→ **What needs to be done**
For the data that follows, print the line with "Künstler-AK F.Schlemo: Der", the line with "- Porte à lames", and all lines between them, exactly as they stand. Omit pictures and add nothing.

→ **Provided information**
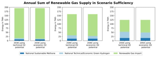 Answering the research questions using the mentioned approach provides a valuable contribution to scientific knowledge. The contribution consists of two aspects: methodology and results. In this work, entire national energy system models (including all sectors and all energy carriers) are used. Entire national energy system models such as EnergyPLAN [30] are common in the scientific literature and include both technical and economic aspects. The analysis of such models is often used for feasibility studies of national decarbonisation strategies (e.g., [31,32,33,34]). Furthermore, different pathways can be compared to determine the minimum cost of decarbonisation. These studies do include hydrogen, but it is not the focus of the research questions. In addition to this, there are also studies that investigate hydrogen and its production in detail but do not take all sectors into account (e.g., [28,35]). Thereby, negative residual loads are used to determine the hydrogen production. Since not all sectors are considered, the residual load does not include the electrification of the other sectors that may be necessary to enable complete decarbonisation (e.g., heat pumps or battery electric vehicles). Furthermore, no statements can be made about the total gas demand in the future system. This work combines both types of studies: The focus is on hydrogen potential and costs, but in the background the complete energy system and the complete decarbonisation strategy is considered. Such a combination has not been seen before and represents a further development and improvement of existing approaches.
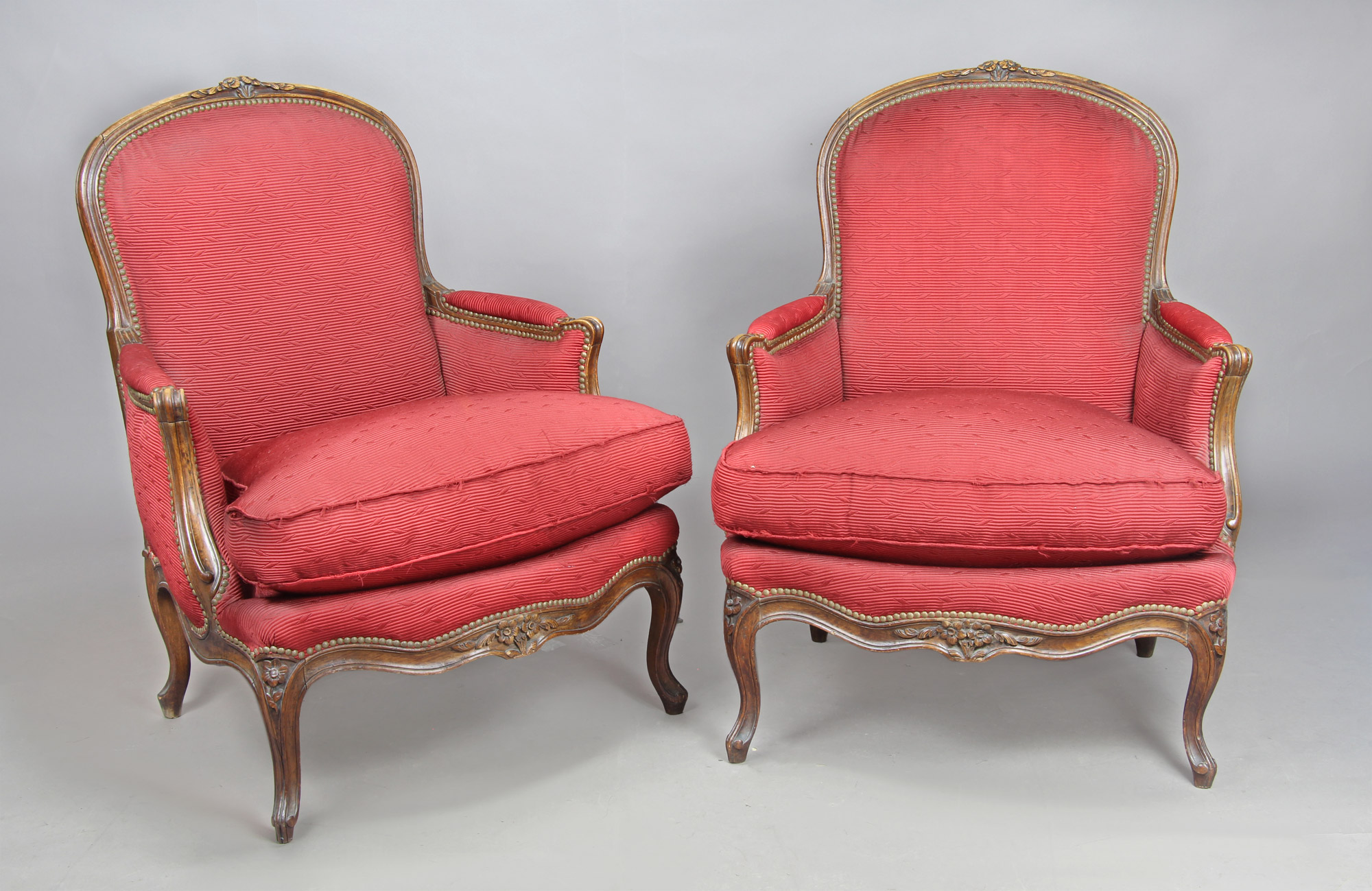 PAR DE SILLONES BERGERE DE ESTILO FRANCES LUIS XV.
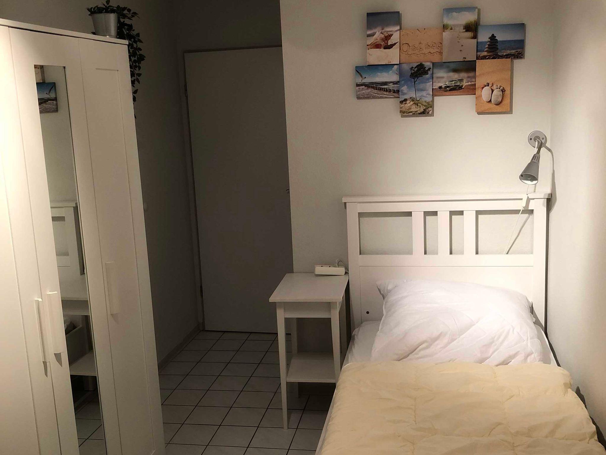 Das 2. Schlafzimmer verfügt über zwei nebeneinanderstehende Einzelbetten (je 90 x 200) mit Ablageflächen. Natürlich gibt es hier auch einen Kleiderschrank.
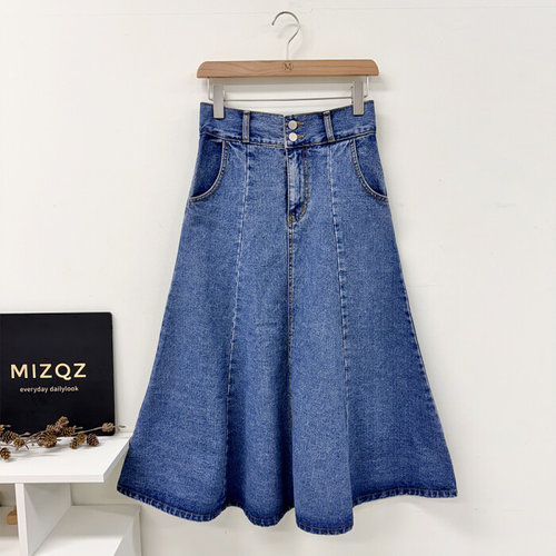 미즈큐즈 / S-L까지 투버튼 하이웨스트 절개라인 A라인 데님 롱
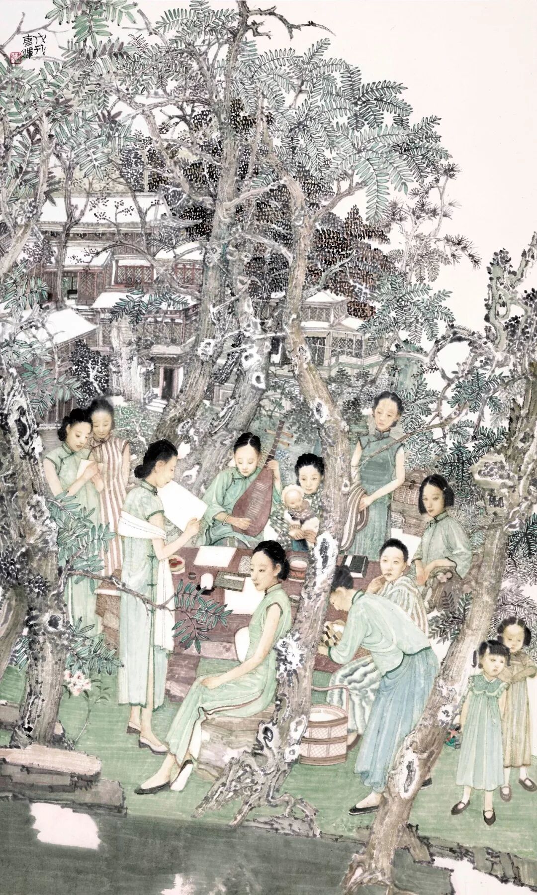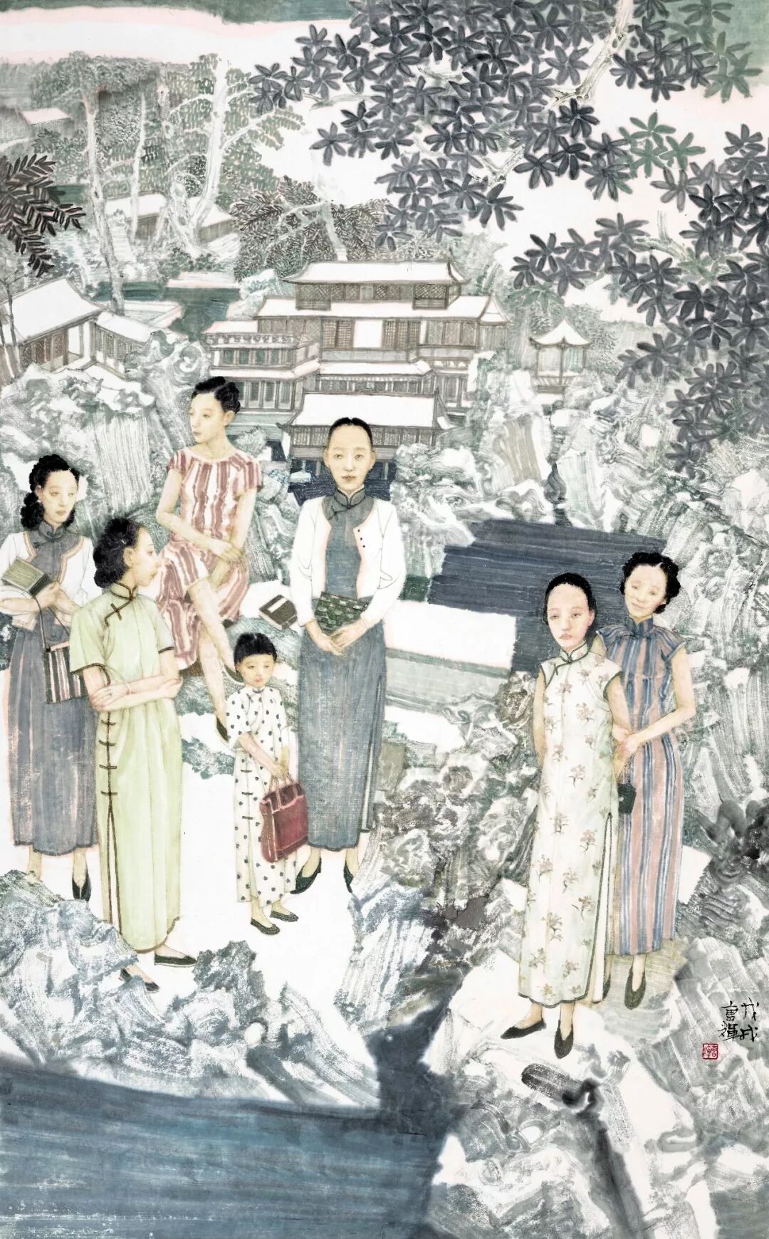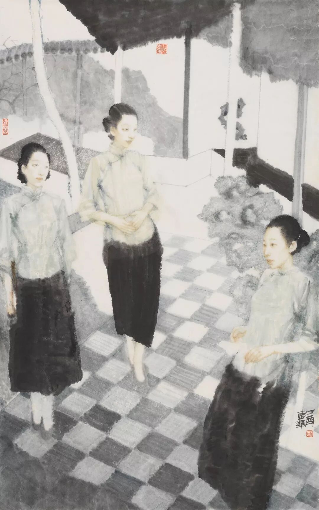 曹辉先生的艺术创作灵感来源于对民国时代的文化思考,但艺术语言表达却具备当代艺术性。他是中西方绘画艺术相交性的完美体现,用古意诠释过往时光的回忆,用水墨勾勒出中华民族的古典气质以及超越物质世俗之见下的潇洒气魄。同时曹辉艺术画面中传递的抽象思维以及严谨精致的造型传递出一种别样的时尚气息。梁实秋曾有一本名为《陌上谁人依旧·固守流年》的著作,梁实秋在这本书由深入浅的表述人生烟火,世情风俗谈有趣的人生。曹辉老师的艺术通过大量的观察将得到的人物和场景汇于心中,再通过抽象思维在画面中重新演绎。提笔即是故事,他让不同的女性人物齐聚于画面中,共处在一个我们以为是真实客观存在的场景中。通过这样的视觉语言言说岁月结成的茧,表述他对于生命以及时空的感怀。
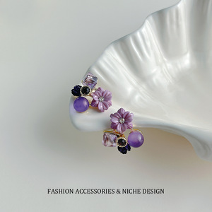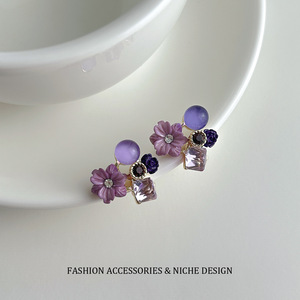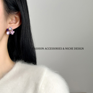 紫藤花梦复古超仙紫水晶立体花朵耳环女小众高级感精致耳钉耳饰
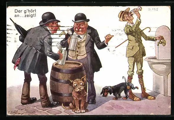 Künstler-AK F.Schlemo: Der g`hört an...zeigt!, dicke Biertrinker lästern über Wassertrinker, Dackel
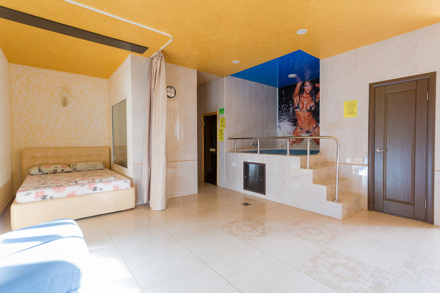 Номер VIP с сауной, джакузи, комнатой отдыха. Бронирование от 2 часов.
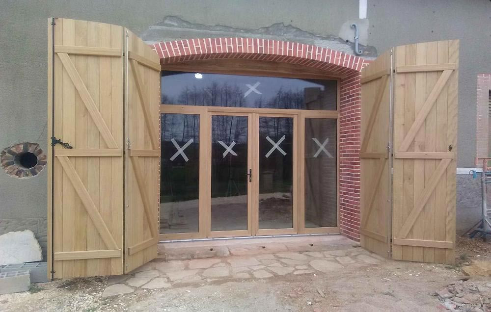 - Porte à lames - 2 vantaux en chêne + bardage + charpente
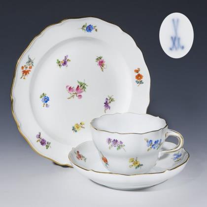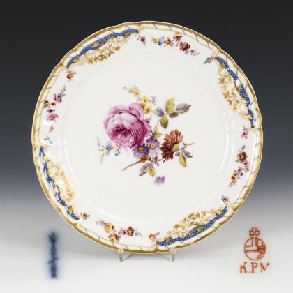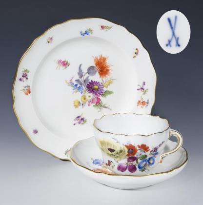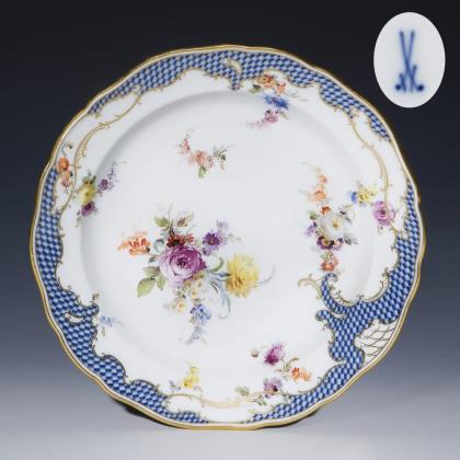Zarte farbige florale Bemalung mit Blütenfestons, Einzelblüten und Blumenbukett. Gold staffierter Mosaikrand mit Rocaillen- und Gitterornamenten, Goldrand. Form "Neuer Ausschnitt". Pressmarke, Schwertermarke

→ **Solution to the exercise**
 Künstler-AK F.Schlemo: Der g`hört an...zeigt!, dicke Biertrinker lästern über Wassertrinker, Dackel
 Номер VIP с сауной, джакузи, комнатой отдыха. Бронирование от 2 часов.
 - Porte à lames - 2 vantaux en chêne + bardage + charpente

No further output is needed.